Work instructions:
Repeat the full listing that follows, word for word.
***** Listed entries *****
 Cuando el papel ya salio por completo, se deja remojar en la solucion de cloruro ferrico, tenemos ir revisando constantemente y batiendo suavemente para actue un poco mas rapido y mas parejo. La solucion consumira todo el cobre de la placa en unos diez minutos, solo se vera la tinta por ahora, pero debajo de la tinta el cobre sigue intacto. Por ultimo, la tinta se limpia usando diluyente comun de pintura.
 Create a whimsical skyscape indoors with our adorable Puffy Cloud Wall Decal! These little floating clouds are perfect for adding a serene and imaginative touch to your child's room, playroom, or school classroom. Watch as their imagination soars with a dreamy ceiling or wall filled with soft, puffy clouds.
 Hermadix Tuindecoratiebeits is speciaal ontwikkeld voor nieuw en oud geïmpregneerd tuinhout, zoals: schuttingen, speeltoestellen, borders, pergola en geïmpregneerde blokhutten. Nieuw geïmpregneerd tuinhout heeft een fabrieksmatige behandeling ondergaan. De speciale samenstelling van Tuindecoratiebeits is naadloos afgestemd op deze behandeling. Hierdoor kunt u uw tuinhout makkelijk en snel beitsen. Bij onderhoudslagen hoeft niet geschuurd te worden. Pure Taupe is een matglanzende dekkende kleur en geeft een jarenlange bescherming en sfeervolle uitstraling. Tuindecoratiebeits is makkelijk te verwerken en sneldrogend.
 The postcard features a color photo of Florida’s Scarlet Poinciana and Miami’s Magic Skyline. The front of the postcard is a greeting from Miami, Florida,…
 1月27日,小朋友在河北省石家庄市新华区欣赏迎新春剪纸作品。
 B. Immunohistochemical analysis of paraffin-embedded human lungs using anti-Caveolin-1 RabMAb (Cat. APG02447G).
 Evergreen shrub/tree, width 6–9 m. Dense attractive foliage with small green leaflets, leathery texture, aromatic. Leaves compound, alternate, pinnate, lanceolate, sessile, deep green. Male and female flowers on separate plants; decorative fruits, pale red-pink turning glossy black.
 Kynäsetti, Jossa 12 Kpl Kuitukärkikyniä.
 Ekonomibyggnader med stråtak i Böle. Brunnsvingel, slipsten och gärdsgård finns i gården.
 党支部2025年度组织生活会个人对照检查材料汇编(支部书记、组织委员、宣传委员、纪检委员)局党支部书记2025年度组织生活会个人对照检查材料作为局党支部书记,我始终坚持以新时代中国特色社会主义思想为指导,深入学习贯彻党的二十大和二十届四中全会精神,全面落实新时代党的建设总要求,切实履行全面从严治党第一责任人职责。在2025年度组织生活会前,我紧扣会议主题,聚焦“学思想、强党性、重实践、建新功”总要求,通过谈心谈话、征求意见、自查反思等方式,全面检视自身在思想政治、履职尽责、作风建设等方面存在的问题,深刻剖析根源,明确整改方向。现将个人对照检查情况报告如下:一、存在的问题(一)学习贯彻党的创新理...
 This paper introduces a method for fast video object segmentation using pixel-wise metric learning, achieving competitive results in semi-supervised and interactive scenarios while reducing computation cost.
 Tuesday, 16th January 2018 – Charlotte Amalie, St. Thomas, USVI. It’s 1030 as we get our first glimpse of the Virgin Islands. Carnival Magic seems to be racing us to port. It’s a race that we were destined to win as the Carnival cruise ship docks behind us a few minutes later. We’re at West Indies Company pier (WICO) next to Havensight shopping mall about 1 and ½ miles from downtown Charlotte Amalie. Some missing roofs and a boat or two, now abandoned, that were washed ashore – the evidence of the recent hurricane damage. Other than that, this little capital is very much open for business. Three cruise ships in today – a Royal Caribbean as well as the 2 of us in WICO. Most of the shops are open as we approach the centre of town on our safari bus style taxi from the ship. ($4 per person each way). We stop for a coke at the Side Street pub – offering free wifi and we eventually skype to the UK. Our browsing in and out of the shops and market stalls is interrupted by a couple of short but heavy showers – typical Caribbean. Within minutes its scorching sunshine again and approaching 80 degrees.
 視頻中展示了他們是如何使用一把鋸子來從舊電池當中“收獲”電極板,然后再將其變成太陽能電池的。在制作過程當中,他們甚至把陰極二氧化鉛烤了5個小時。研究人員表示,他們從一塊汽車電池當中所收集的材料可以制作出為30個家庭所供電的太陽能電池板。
*****
Your response:
 Cuando el papel ya salio por completo, se deja remojar en la solucion de cloruro ferrico, tenemos ir revisando constantemente y batiendo suavemente para actue un poco mas rapido y mas parejo. La solucion consumira todo el cobre de la placa en unos diez minutos, solo se vera la tinta por ahora, pero debajo de la tinta el cobre sigue intacto. Por ultimo, la tinta se limpia usando diluyente comun de pintura.
 Create a whimsical skyscape indoors with our adorable Puffy Cloud Wall Decal! These little floating clouds are perfect for adding a serene and imaginative touch to your child's room, playroom, or school classroom. Watch as their imagination soars with a dreamy ceiling or wall filled with soft, puffy clouds.
 Hermadix Tuindecoratiebeits is speciaal ontwikkeld voor nieuw en oud geïmpregneerd tuinhout, zoals: schuttingen, speeltoestellen, borders, pergola en geïmpregneerde blokhutten. Nieuw geïmpregneerd tuinhout heeft een fabrieksmatige behandeling ondergaan. De speciale samenstelling van Tuindecoratiebeits is naadloos afgestemd op deze behandeling. Hierdoor kunt u uw tuinhout makkelijk en snel beitsen. Bij onderhoudslagen hoeft niet geschuurd te worden. Pure Taupe is een matglanzende dekkende kleur en geeft een jarenlange bescherming en sfeervolle uitstraling. Tuindecoratiebeits is makkelijk te verwerken en sneldrogend.
 The postcard features a color photo of Florida’s Scarlet Poinciana and Miami’s Magic Skyline. The front of the postcard is a greeting from Miami, Florida,…
 1月27日,小朋友在河北省石家庄市新华区欣赏迎新春剪纸作品。
 B. Immunohistochemical analysis of paraffin-embedded human lungs using anti-Caveolin-1 RabMAb (Cat. APG02447G).
 Evergreen shrub/tree, width 6–9 m. Dense attractive foliage with small green leaflets, leathery texture, aromatic. Leaves compound, alternate, pinnate, lanceolate, sessile, deep green. Male and female flowers on separate plants; decorative fruits, pale red-pink turning glossy black.
 Kynäsetti, Jossa 12 Kpl Kuitukärkikyniä.
 Ekonomibyggnader med stråtak i Böle. Brunnsvingel, slipsten och gärdsgård finns i gården.
 党支部2025年度组织生活会个人对照检查材料汇编(支部书记、组织委员、宣传委员、纪检委员)局党支部书记2025年度组织生活会个人对照检查材料作为局党支部书记,我始终坚持以新时代中国特色社会主义思想为指导,深入学习贯彻党的二十大和二十届四中全会精神,全面落实新时代党的建设总要求,切实履行全面从严治党第一责任人职责。在2025年度组织生活会前,我紧扣会议主题,聚焦“学思想、强党性、重实践、建新功”总要求,通过谈心谈话、征求意见、自查反思等方式,全面检视自身在思想政治、履职尽责、作风建设等方面存在的问题,深刻剖析根源,明确整改方向。现将个人对照检查情况报告如下:一、存在的问题(一)学习贯彻党的创新理...
 This paper introduces a method for fast video object segmentation using pixel-wise metric learning, achieving competitive results in semi-supervised and interactive scenarios while reducing computation cost.
 Tuesday, 16th January 2018 – Charlotte Amalie, St. Thomas, USVI. It’s 1030 as we get our first glimpse of the Virgin Islands. Carnival Magic seems to be racing us to port. It’s a race that we were destined to win as the Carnival cruise ship docks behind us a few minutes later. We’re at West Indies Company pier (WICO) next to Havensight shopping mall about 1 and ½ miles from downtown Charlotte Amalie. Some missing roofs and a boat or two, now abandoned, that were washed ashore – the evidence of the recent hurricane damage. Other than that, this little capital is very much open for business. Three cruise ships in today – a Royal Caribbean as well as the 2 of us in WICO. Most of the shops are open as we approach the centre of town on our safari bus style taxi from the ship. ($4 per person each way). We stop for a coke at the Side Street pub – offering free wifi and we eventually skype to the UK. Our browsing in and out of the shops and market stalls is interrupted by a couple of short but heavy showers – typical Caribbean. Within minutes its scorching sunshine again and approaching 80 degrees.
 視頻中展示了他們是如何使用一把鋸子來從舊電池當中“收獲”電極板,然后再將其變成太陽能電池的。在制作過程當中,他們甚至把陰極二氧化鉛烤了5個小時。研究人員表示,他們從一塊汽車電池當中所收集的材料可以制作出為30個家庭所供電的太陽能電池板。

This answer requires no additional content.